А вот что рассказывала мне фрейлейн Гильденбранд о тринадцатилетнем Фреде. Его родители разведены, и отец обязан выплачивать матери большое денежное содержание. Мать живет во Франкфурте — совсем рядом. Но она, похоже, авантюристка. Сын ее постоянно в поездках. Если он приезжает домой, там всегда оказывается какой-нибудь мужчина, и Фреда отсылают обратно. Мать дает ему деньги, лишь бы дома его не было, и Фред должен радоваться этому.
Тогда Фред, уставший от одиночества, едет к отцу в Гамбург. Но едет не один, а со своими подружками. Отец опасается, что это может плохо кончиться, и теперь не разрешает Фреду больше приезжать в Гамбург.
Вспоминаю я и о том, что сообщила мне почти слепая дама, когда я вез ее домой, о восемнадцатилетней девочке по имени Сантаяна. Ее отец — испанский писатель, которому из соображений высокой политики запрещено пребывание в Испании. После войны он написал несколько прекрасных книг. С ним связаны и всякого рода скандальные истории. На Цейлоне он сделал своей любовницей замужнюю женщину. Обоих выгнали из страны. Сантаяна родилась в Евразии. У нее нет дома, никогда не было.
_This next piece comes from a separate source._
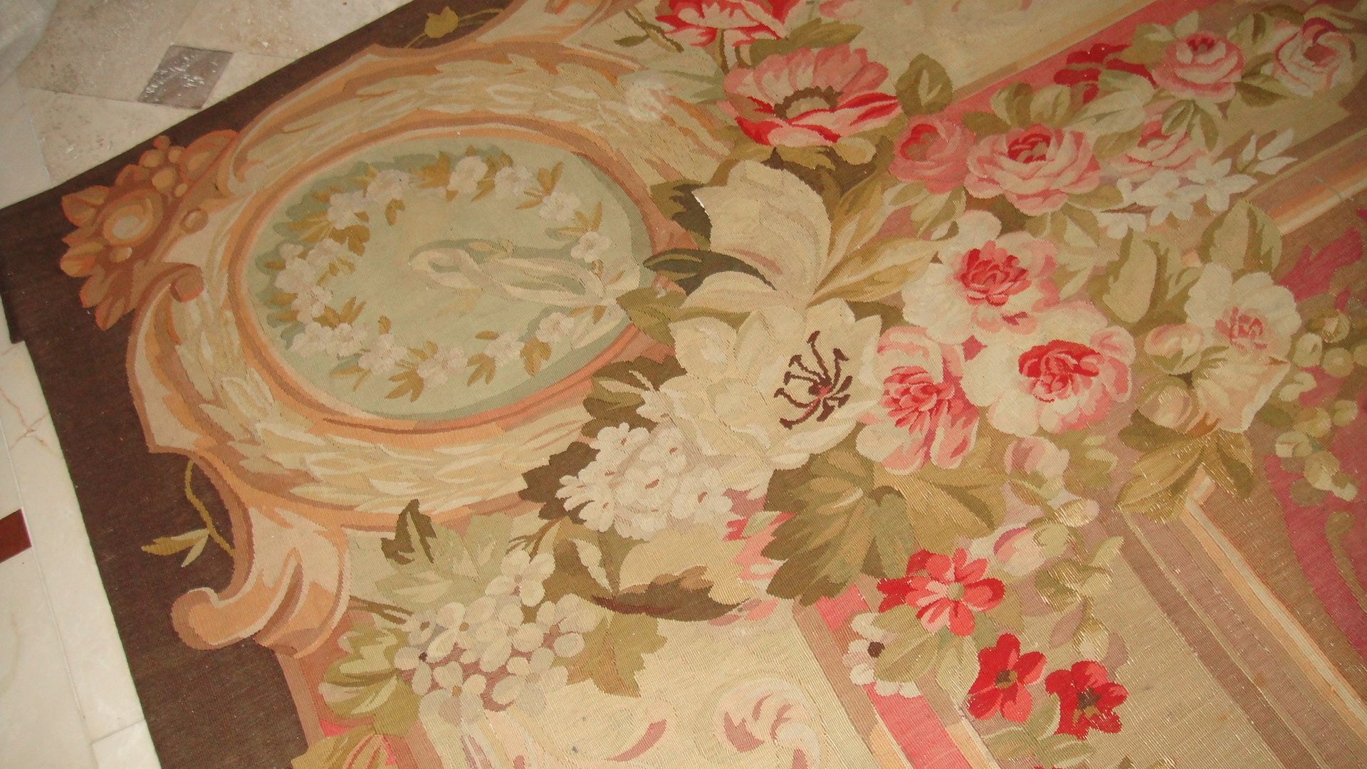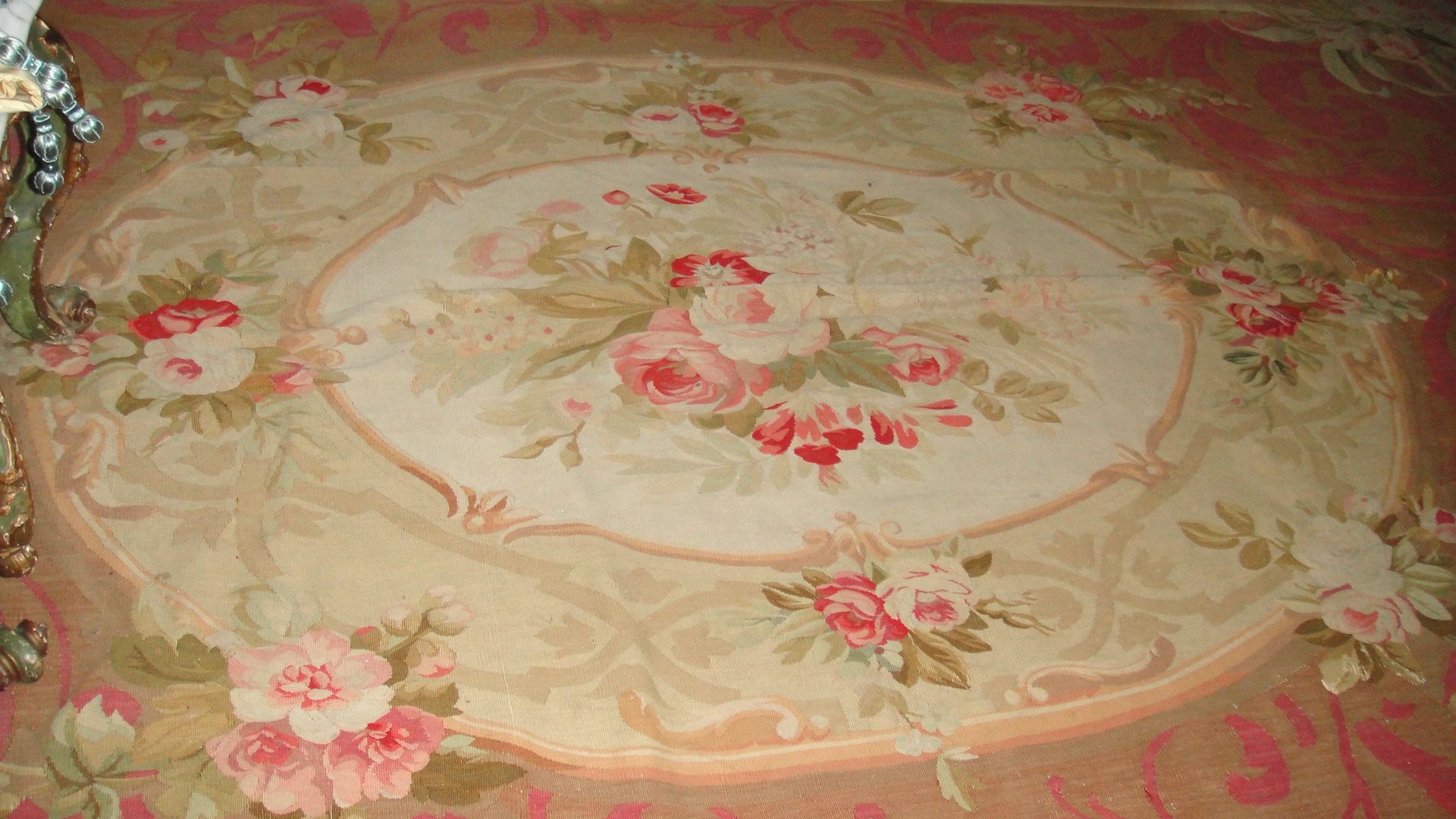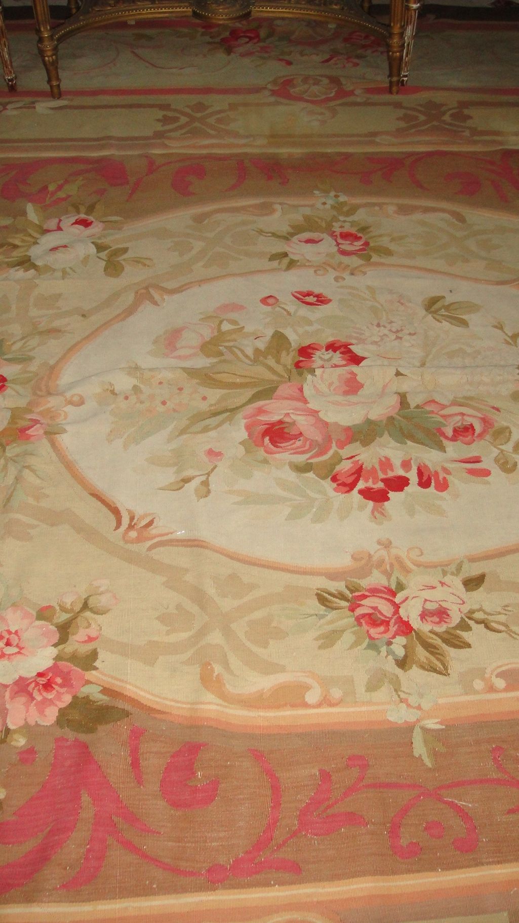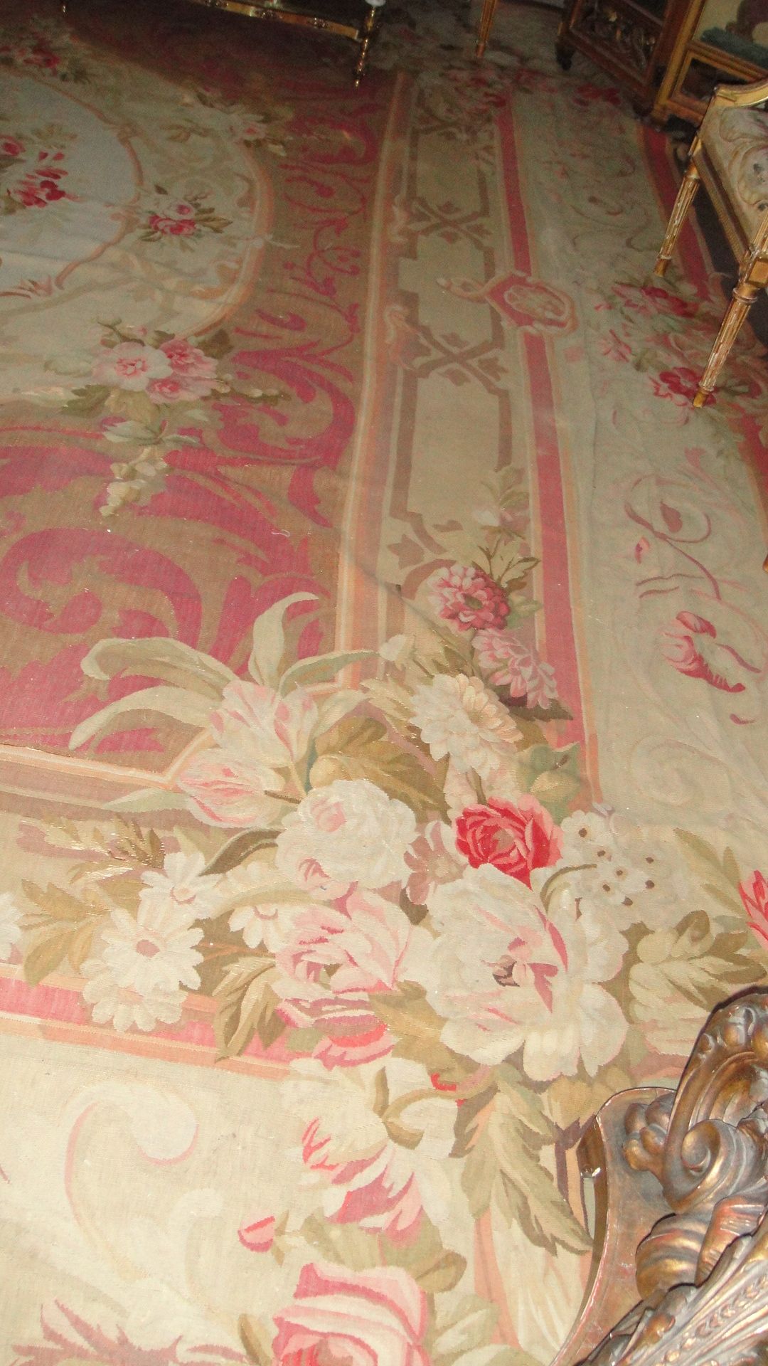 Pg.Tapestries/brown/pinkAubusson. Gorgeous Antique French Circa late 1800's very early 1900's Aubusson. This Antique French Aubusson is gorgeous and the colours remain vibrant as well. There are slits through-out however these can easily be mended by an professional. note: the slits are merely where they were weaved together and the threads have come out and this can be easily stitched back again in all these areas. There are many areas.

Но зато она знает почти все большие города мира и их лучшие отели. Она знает, что есть бриллиантовая диадема, просроченный вексель, судебный исполнитель, поскольку ее отец, отчаявшийся, лишенный родины, иногда зарабатывает довольно много денег, а иногда просто нищенствует. Сантаяна знакома почти со всеми интернатскими детьми. Она очень умная, очень красивая и очень тщеславная. Она, пожалуй, станет большой распутницей…
Я стою на балконе и думаю о калеке Ганси, маленьком Али с его манией величия, Рашиде. И, конечно, о себе. Но как только я переключаюсь на себя, я делаю все, чтобы пресечь эти мысли.
20
Спокойной ночи, господа (англ.).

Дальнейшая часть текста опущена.